Dear Fellow Who Peed in Our Yard,
We currently live on a semi-busy street down a little ways from a gas station and an Autozone. People puffing on cigarettes or carrying sacks of beer often make the trek down the sidewalk in front of our house each night to the gas station to get more cigarettes or beer or occasionally a Redbox movie. Sometimes when I take the cans to the curb one of them will ask me for a cigarette as if it were the 50s all over again, and I tell him that I have none. He goes on his way.
You, however, have trumped all cigarette-puffing, beer-toting strangers and creepers. You didn’t seem drunk, but maybe you were on your way to the gas station in order to become such. Just like when you were a little fellow, you did not heed mommy’s warning to go potty before leaving the house. Will you ever learn?

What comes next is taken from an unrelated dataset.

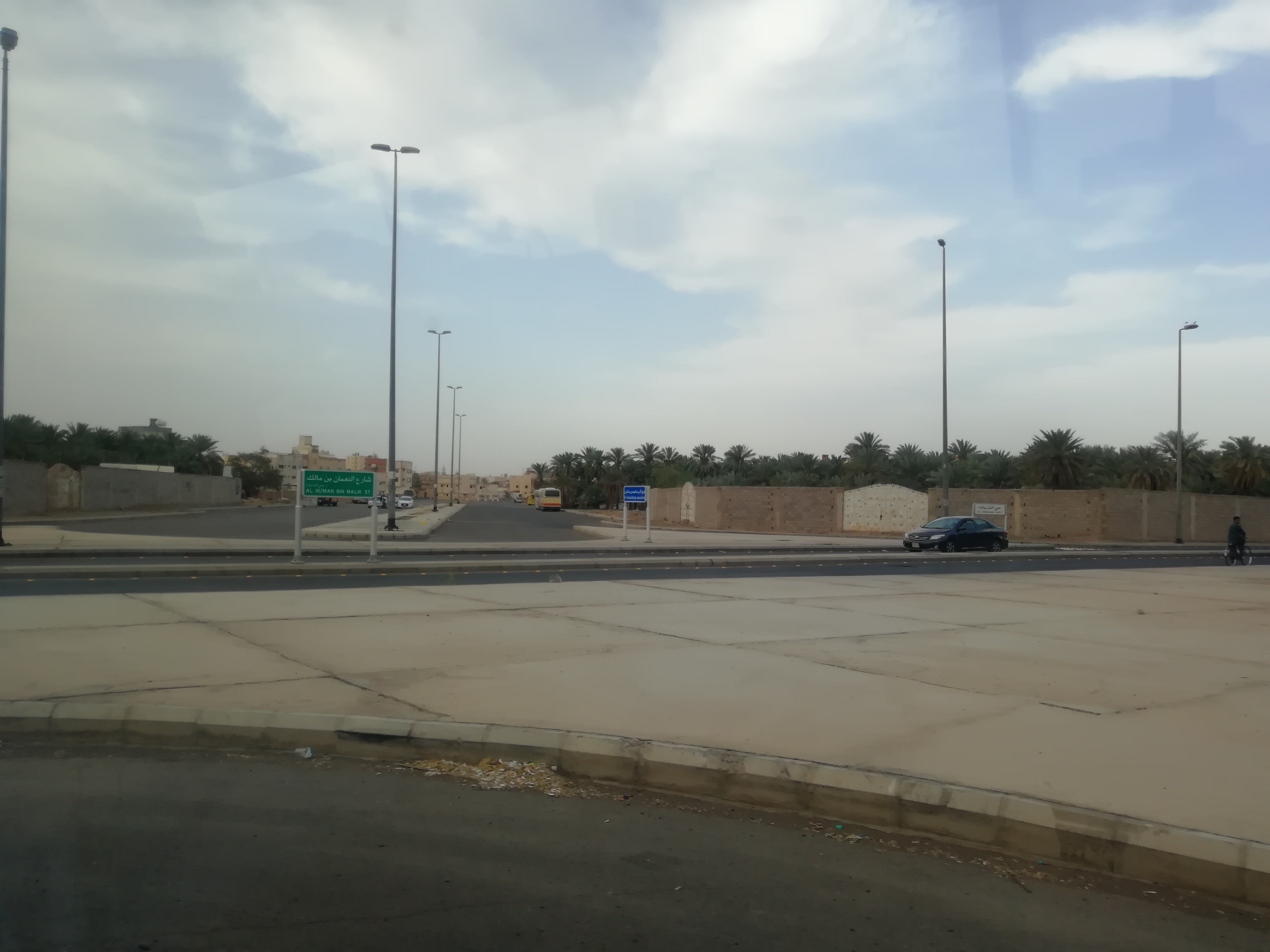 al-Madinah al-Munawarah Awaly district Maria al-Qebtayia house site Where prophet Muhammad sought rest when Umahat al-Mo'emeneen tricked him (Mujadala sura)

You looked at your environment around you and noticed a behind-the-garage area up a long driveway away from the street. This would be preferable to relieving your waters into the puddle at 7-11 and risk being seen. Even before you rounded the corner behind the garage, you already had your belt unbuckled, just to be ready. Oh, look– there’s snow– let’s make a fun design.
Upon finishing up, you took one last proud look at your work before heading back out to the street. What class. What gallantry. Nobody will know your secret act of darkness. Well, hopefully the snow melts before anyone notices, anyway. Why is it snowing in April in the first place? Whatever. Time to grab an eight-pack and get inebriated. 7-11 is so close.